Overview of the Process for Obtaining the Data
The SEER-CAHPS linked data are available to outside investigators for research purposes. Although personal identifiers for all patient and medical care providers have been removed from the SEER-CAHPS data, there remains the remote risk of re-identification (given the large amount of data available). In light of the sensitive nature of the data, maintaining patient and provider confidentiality is a primary concern of the National Cancer Institute (NCI), SEER, and the Centers for Medicare and Medicaid Services (CMS). Therefore, the SEER-CAHPS data are not public use data files. Investigators are required to obtain approval in order to obtain the data. We strongly recommend that investigators schedule a phone call with the SEER-CAHPS team after submitting their draft proposal.

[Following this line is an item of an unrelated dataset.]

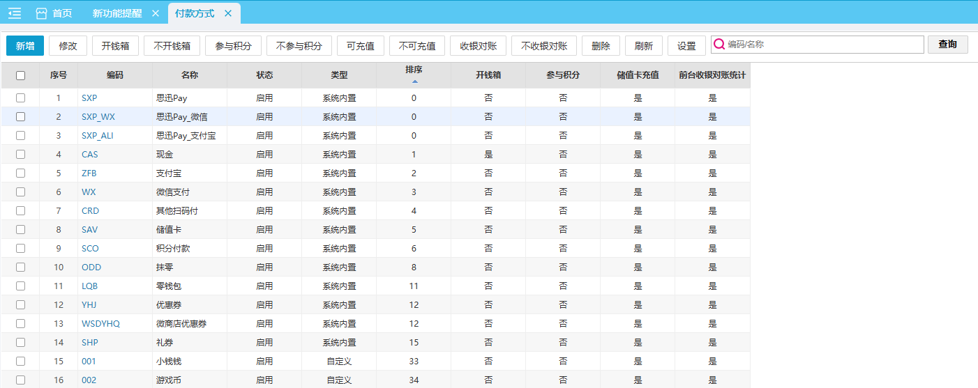位置:【营运】-> 【卖场】-> 【基础信息】概述:付款方式包含系统内置付款方式、自定义付款方式;可设置按照付款方式开启钱箱/参与积分 如图所示 (1)系统内置的付款方式不允许修改;(2)自定义付款方式在前台结算-更多功能里面;(3)选择付款方式,开关钱箱操作(4)选择付款方式,是否参与积分计算(4)选择付款方式,是否参与储值充值 文档更新时间: 2026-03-20 06:27 作者:zhangyi

The primary purpose of the approval process is not to critique the methodology or merits of proposed projects, but to ensure the confidentiality of the patients and providers in SEER areas. However, reviewers from NCI and SEER may comment and/or base review decisions on aspects of the research plan that may affect project feasibility and scientific rigor. NCI will work with investigators requesting data files to balance their research needs with those of the individuals and institutions included in the data. Multiple requests to use SEER-CAHPS data may be received and the approval process should not be understood as a guarantee to prevent overlapping research aims. Reviewers intend to be good stewards of the data and will make efforts to notify investigators when this may be the case.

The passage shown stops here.